The following table summarizes the comparisons of a list of candidate user identifiers.

Identifier Comments
username
  • Username is considered PII.
LMS user_id
  • anonymous (is not considered PII)
  • Segment (used for anlytics) recommends database IDs because they never change.
  • Availability across all services is almost, but not yet complete.
  • Auto-incremented id allows for possible information leakage of auth_user table and ties us down to implementation of the housing database.
email address
  • Is PII and modifiable by the user.
anonymous user_id
  • anonymous (is not considered PII)
  • It is currently constructed by hashing the user’s LMS user_id with the Django server’s SECRET_KEY value. This value would change when the SECRET_KEY is rotated.

As noted above, the LMS user_id was selected for internal analytics events as the best match given the requirements. It continues to be the best match for the additional use cases of public events, REST APIs and JavaScript APIs.

Consequences

A consequence of the decision to use the LMS user_id as the unique user id is that some additional changes are needed to make the LMS user_id more globally available across all services:

  • The LMS OAuth Dispatch App will now include the LMS user_id in the JWTs (JSON Web Tokens) used as part of the Open edX Authentication upon request.
  • In order to keep the LMS user_id anonymous, there must not be any APIs or pages that expose the association between the LMS user_id and any of the user’s PII (e.g. username and full name) to unauthorized users.
  • Additionally, some further investment is required to make the LMS user_id available to all services for all users, like the Ecommerce Service.

This decision is also a simple acknowledgement of our tie to the database implementation and its auto-incremented value, given its already pervasive usage.

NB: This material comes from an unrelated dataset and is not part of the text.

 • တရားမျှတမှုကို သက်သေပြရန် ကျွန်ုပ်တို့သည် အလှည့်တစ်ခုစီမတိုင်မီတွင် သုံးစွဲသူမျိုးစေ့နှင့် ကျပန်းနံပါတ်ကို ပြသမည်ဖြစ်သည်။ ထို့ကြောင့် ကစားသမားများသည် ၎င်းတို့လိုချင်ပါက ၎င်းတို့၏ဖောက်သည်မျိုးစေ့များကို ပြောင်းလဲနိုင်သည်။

The LMS user_id is also considered a safe and anonymous option for third-party integrations as described above. One example of a third-party integration where the LMS user_id can now safely be used is in the Realtime Events API, which has been updated with this clarification.

Note: The legacy implementations of LTI and the %%USER_ID%% keyword use what is called an “anonymous id”, but is no more “anonymous” than the LMS user_id from a PII perspective. They use an id made of a combination of user id and course id, which makes it impossible for a third party system to build a user model in its own system across courses, and limits the capabilities a third-party system might offer a user. For future LTI implementations, this decision simply states that the LMS user_id is an option unless these additional limitations are a requirement of the integration.

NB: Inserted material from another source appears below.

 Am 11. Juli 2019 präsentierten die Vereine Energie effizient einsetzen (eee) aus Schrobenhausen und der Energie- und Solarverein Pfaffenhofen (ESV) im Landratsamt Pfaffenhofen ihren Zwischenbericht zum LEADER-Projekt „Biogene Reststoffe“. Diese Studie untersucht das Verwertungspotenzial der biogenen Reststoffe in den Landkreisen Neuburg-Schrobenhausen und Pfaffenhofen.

Rejected Alternative: a new UUID

If we were to try to eliminate the drawbacks of using an auto-incremented LMS user_id as our unique identifier, an alternative might be to introduce a new id, like a UUID (Universally Unique IDentifier).

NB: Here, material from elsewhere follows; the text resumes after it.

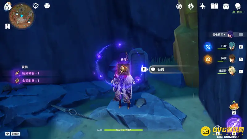 阅读石碑的内容后与阿望对话,完成任务获得成就「唯千岩不动」

However, the introduction of a new id has large costs:

  • Introducing a brand new id as the standard user identifier would mean starting from scratch regarding compliance. The effort to reach even the current level of compliance with use of the LMS user_id throughout the Open edX system would be large.
  • Data analytics is one area where, even though we don’t have 100% compliance with use of the LMS user_id, we have enough compliance to make the data useful. Switching the user identifier for data analytics would require a large coordinated effort that would be difficult for data scientists with no benefit to them.
  • Adding another user id without being able to retire an old id also has the drawback of making the system less approachable, as each developer tries to learn which id to use in which situation.